How many times have you studied the stock charts of Google Inc. (Nasdaq: GOOG), Apple Inc. (Nasdaq: AAPL) or Amazon.com (Nasdaq: AMZN) – and wished you could travel back in time to become an early stage investor in just those sorts of king-making companies?
We can’t, of course, but I can offer the next best thing: I can tell you about the brand-new industry where the next stock like this will likely come from.
I’m talking about 3D printing.
Folks who’ve been following my work know that I’ve been predicting this sector’s emergence for some time. Back in March, I told readers of our sister newsletter Money Morning that 3D printing was a $1 trillion industry in the making.

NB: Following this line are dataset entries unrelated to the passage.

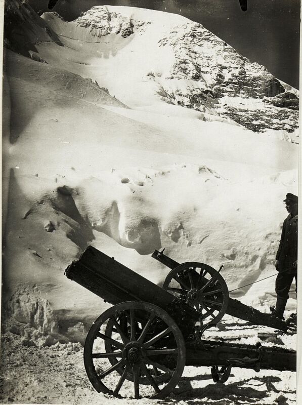 • Standpunkt Dodici-Grat: Batteriestellung Punta Penia-Hang. di K.u.k. Kriegspressequartier, Lichtbildstelle - Wien - Austrian National Library, Austria - Public Domain.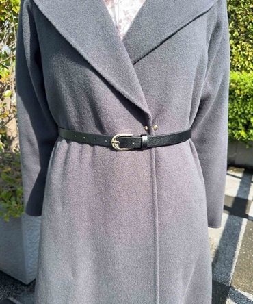 上品な女性らしさを演出する、ベルト付きのリバーショールコート。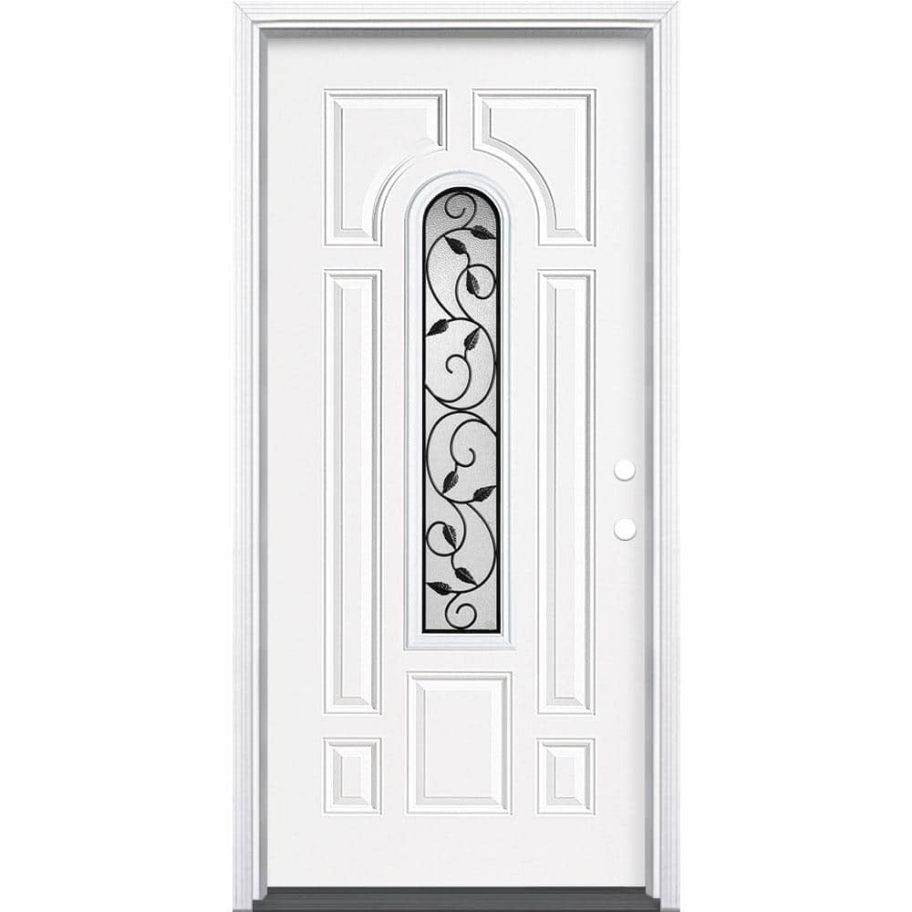 Masonite 36 in. x 80 in. Pergola Center Arch Left-Hand Inswing Primed Steel Prehung Front Exterior Door with Brickmold
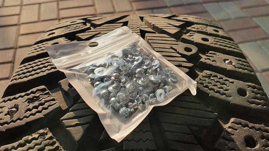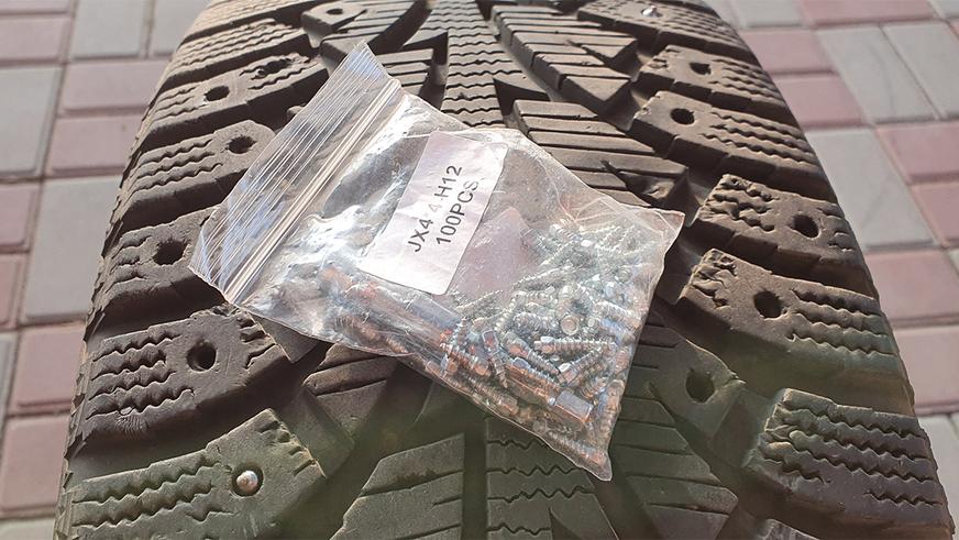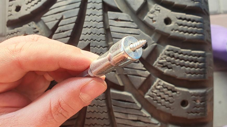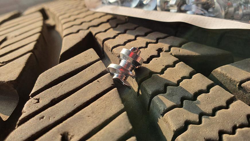 Для эксперимента мы приобрели два разных комплекта: одни можно вкручивать в старое посадочное место, другие «гвоздики» — в шашку шины.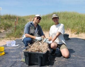 Léonard Huet-Doyle et Rachelle Gagnon d’Attention FragÎles au triage des déchets de plage. (Photo : CFIM)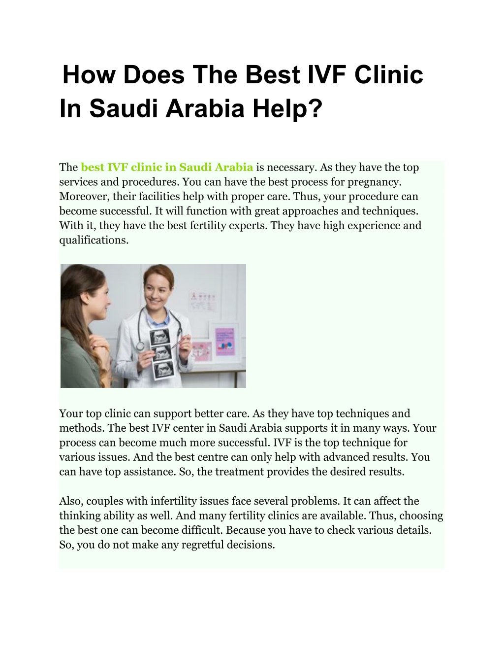 How Does The Best IVF Clinic In Saudi Arabia Help? Thebest IVF clinic in Saudi Arabia is necessary. As they have the top services and procedures. You can have the best process for pregnancy. Moreover, their facilities help with proper care. Thus, your procedure can become successful. It will function with great approaches and techniques. With it, they have the best fertility experts. They have high experience and qualifications. Your top clinic can support better care. As they have top techniques and methods. The best IVF center in Saudi Arabia supports it in many ways. Your process can become much more successful. IVF is the top technique for various issues. And the best centre can only help with advanced results. You can have top assistance. So, the treatment provides the desired results. Also, couples with infertility issues face several problems. It can affect the thinking ability as well. And many fertility clinics are available. Thus, choosing the best one can become difficult. Because you have to check various details. So, you do not make any regretful decisions.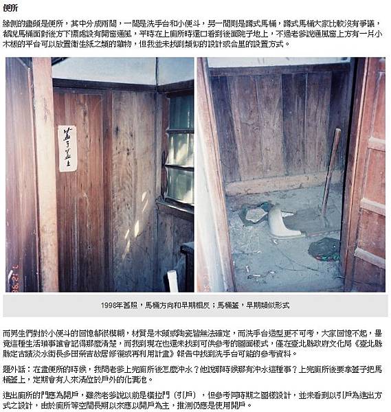 但過程中我也觀察到,現今許多正在進行修復的建物,有些直接找了建築事務所,就尚存部份進行量測後,簡單的推估一下,以符合現代思考模式的方式直接重建,對於史料研究、使用人經驗等部份似乎有所忽略,以致於修復完成的建物與實際狀況有所出入,這點或許也是強人所難,各縣市的經費有所不同,也許因此而導致主事者心有餘而力不足,亦或許負責單位並未具備充足的史實考察能力、技術、或意願,一般民眾也不會要求那麼多,也沒人知道五十年前這些建物的真實像貌,就照大家認為、同意的方向差不多的概起來了事。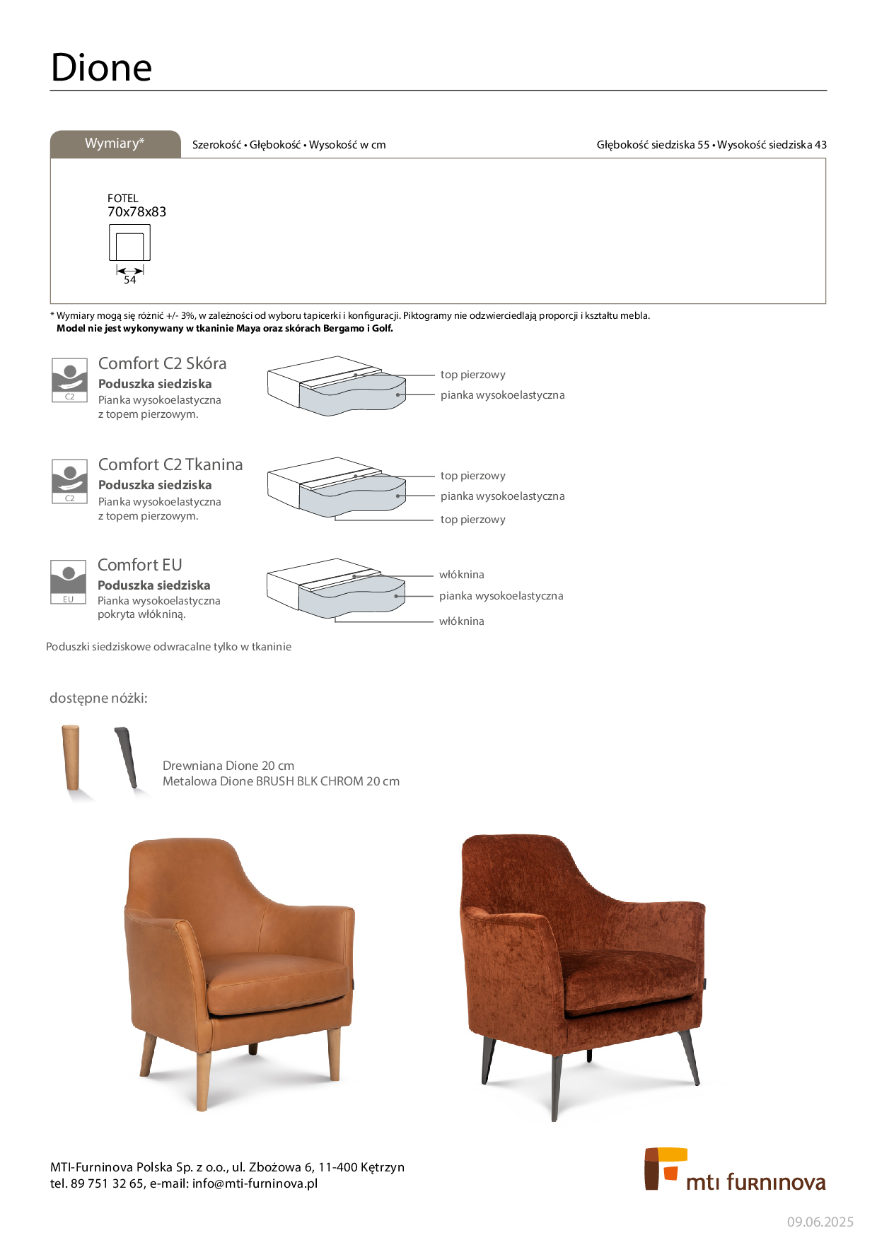 Cena fotela 1,5 w tkaninie z gr. A i wypełnieniem poduszek Comf EU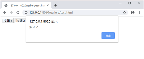 在浏览器中预览,单击不同的按钮,则浏览器会自动显示按钮的名称。效果如图所示:

In October, in a note to all of you, I followed up with a roundup report on the newest breakthroughs.
In every piece I’ve written, my key message was always the same: 3D printing will give tech investors the next real shot at windfall profits.
In 2012, U.S. stocks (as measured by the Standard & Poor’s 500 Index) gave investors a 14.5% gain – a pretty nice return in the face of the Eurozone Crisis and the Fiscal Cliff debacle.
But mid-cap leader 3D Systems Inc. (NYSE: DDD) smoked the broad market – gaining 270% to earn honors as one of the hottest stocks of 2012.
A few great picks like that would make any of our retirement years a lot more rewarding.
Now you can see, once again, why I say that it pays (literally) to follow the big tech trends that are helping reshape the world around us. By the end of the year, it seemed that every major financial publication had jumped on the 3D bandwagon.
Not only that, but a number of advances in the field drew a lot of attention from the general public. Ditto for both savvy individual investors and market pros.
Online video helped spread the word as several clips went viral. On YouTube alone, the Top 10 videos on this subject were viewed nearly seven million times. That’s a whole lot of street-level promotion.
Maybe it’s because of the Graying of America, but the public and investors alike found themselves thrilled by how 3D printing is having a major effect on medicine.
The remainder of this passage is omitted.